(PROBLEM) Using the listing below, copy exactly each line from the one that has "Другой активацией стал" through the one that has "Данный набор из"; omit the pictures.

(EXTRACTED INFORMATION)
◇ ◇ ◇ ◇ ◇
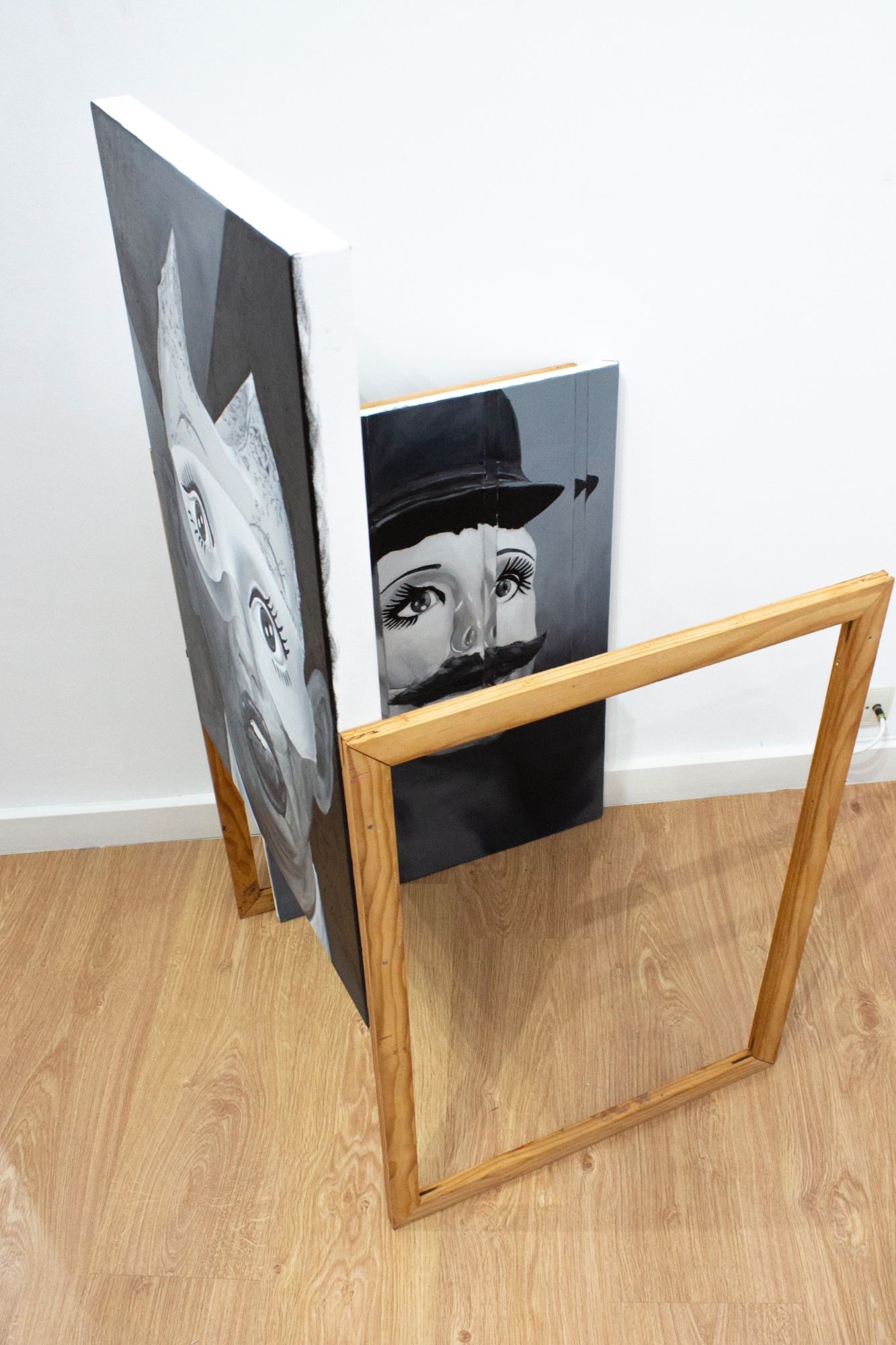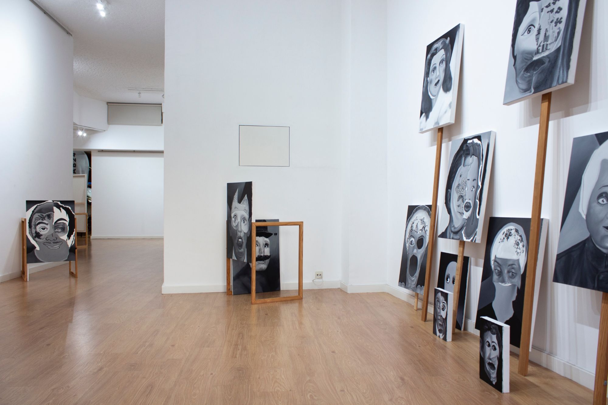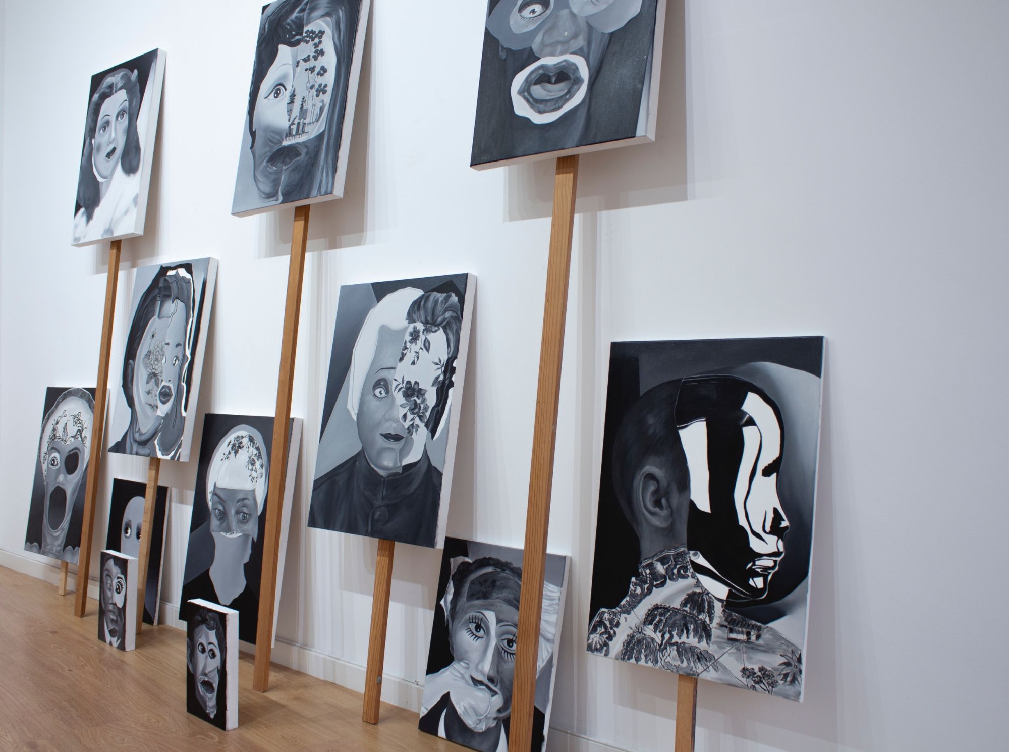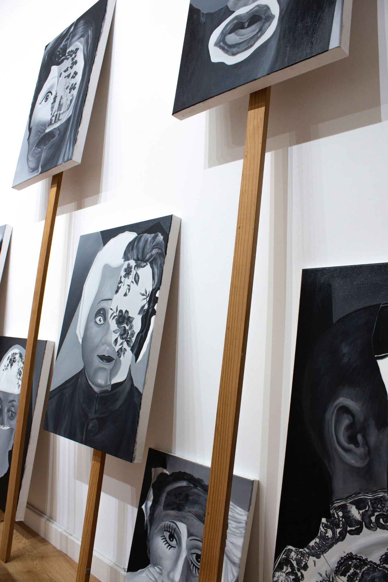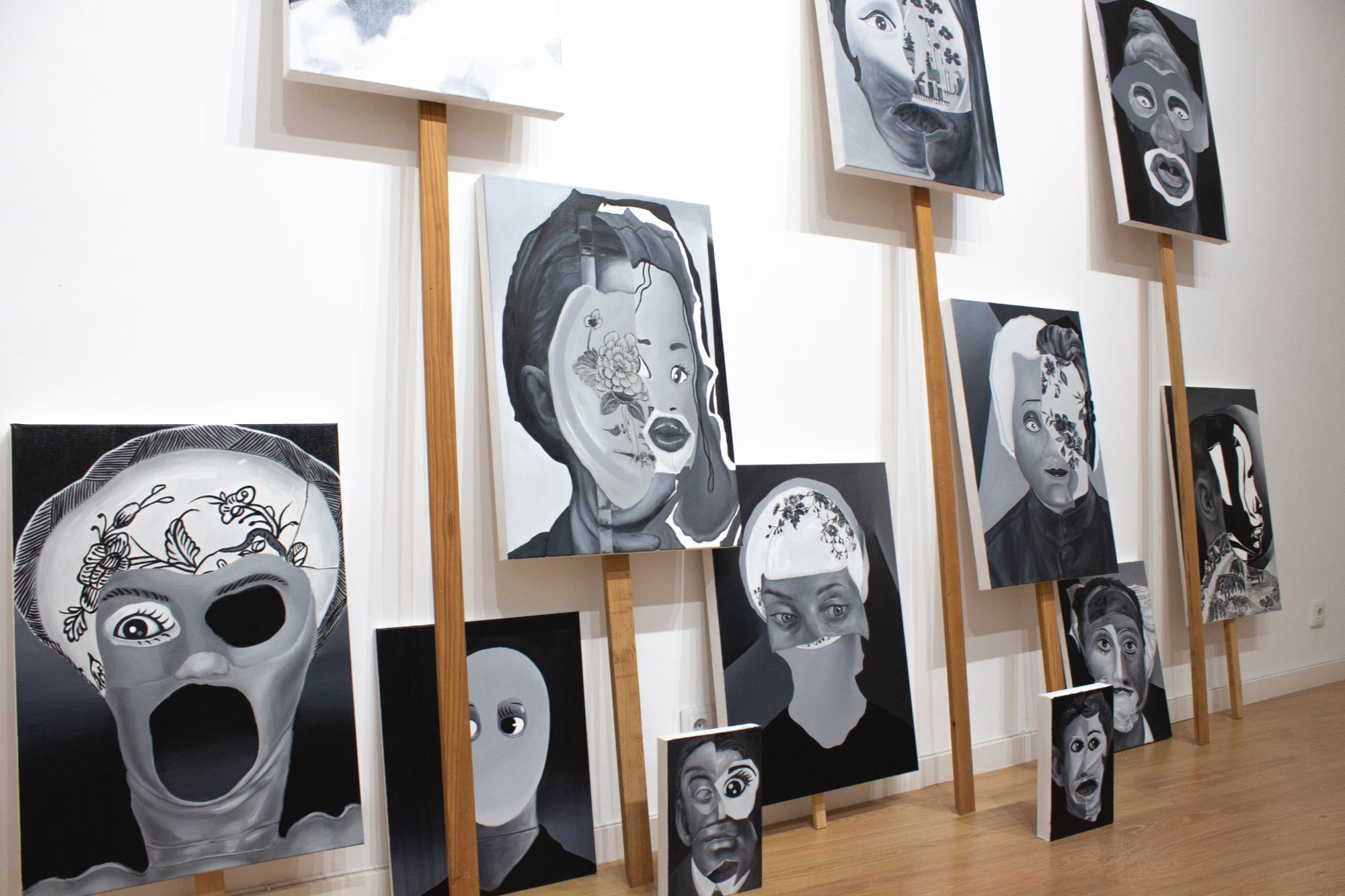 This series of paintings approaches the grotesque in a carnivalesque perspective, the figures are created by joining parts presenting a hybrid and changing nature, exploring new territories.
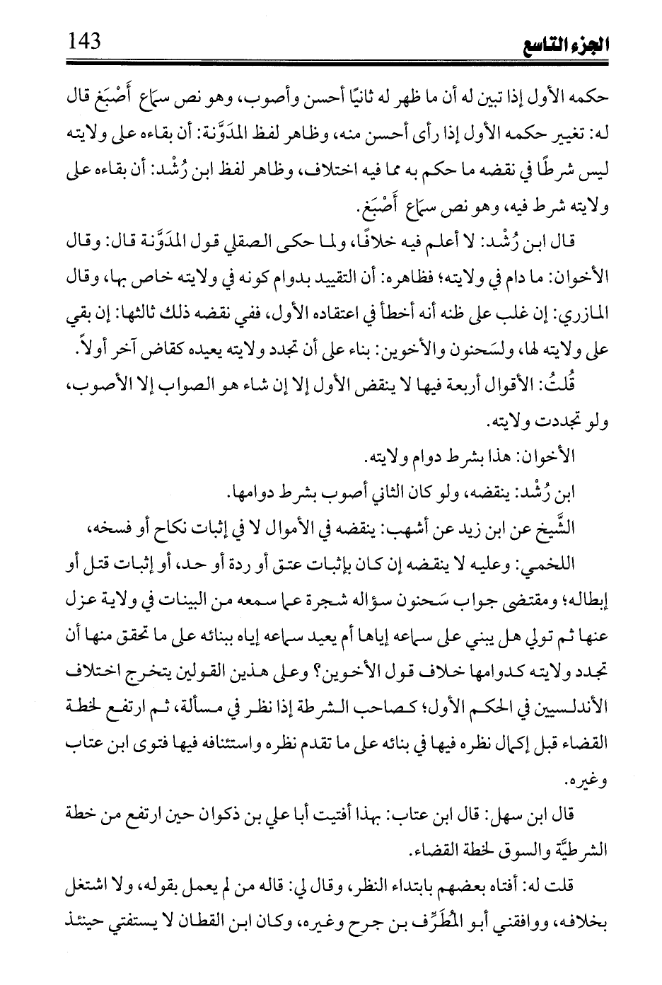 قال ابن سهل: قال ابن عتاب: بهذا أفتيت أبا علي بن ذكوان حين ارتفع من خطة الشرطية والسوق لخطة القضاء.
◇ ◇ ◇ ◇ ◇
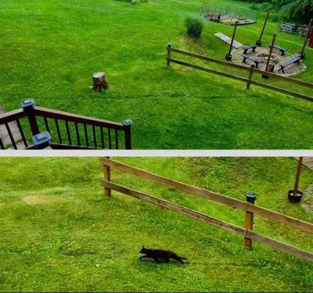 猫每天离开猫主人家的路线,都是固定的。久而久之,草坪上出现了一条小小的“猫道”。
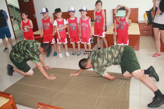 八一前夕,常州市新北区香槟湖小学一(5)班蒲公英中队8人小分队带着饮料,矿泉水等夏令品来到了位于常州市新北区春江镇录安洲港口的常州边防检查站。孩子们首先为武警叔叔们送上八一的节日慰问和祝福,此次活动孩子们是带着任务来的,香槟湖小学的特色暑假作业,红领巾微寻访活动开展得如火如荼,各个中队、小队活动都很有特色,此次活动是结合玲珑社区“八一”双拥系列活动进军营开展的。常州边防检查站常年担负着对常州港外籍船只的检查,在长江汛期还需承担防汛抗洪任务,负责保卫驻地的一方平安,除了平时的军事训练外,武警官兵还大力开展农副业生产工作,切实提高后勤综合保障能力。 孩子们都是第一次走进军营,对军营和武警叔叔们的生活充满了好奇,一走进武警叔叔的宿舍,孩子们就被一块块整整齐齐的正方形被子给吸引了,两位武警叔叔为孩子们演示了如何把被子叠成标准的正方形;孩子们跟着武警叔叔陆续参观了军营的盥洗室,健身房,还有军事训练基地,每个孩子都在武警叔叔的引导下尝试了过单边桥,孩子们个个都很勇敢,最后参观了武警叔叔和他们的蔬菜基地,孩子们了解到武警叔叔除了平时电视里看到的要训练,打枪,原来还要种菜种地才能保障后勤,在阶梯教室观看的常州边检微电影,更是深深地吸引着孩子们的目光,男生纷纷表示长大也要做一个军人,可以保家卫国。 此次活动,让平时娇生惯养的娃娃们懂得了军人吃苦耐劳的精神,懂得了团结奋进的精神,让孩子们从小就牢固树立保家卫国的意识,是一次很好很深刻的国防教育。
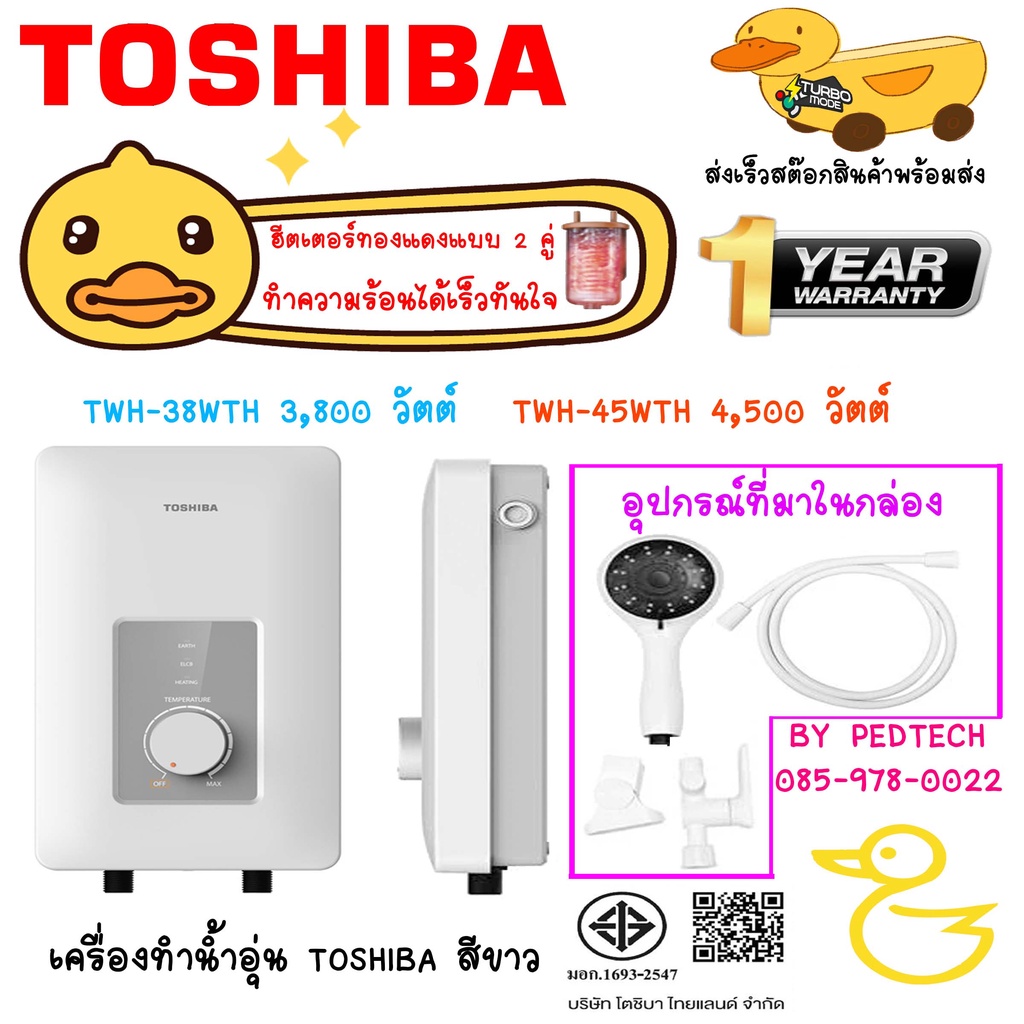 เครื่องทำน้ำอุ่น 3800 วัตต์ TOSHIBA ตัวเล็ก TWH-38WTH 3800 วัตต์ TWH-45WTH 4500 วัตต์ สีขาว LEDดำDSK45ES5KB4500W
◇ ◇ ◇ ◇ ◇
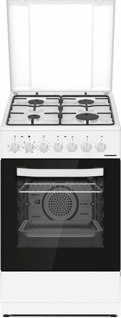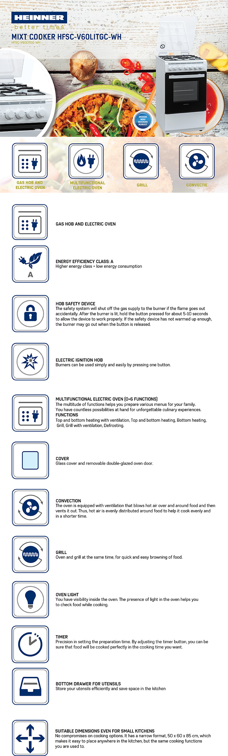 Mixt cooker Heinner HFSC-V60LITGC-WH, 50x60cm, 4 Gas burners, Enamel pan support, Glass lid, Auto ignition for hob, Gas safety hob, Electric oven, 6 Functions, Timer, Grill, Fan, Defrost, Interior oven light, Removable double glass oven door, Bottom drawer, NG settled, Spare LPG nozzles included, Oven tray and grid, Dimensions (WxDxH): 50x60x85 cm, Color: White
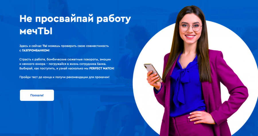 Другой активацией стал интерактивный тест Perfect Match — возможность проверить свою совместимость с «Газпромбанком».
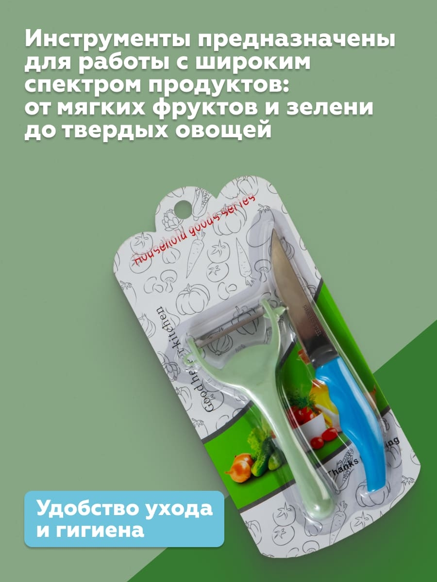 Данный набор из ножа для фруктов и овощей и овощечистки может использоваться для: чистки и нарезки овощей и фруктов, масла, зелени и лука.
◇ ◇ ◇ ◇ ◇
(REPLY)
 Другой активацией стал интерактивный тест Perfect Match — возможность проверить свою совместимость с «Газпромбанком».
 Данный набор из ножа для фруктов и овощей и овощечистки может использоваться для: чистки и нарезки овощей и фруктов, масла, зелени и лука.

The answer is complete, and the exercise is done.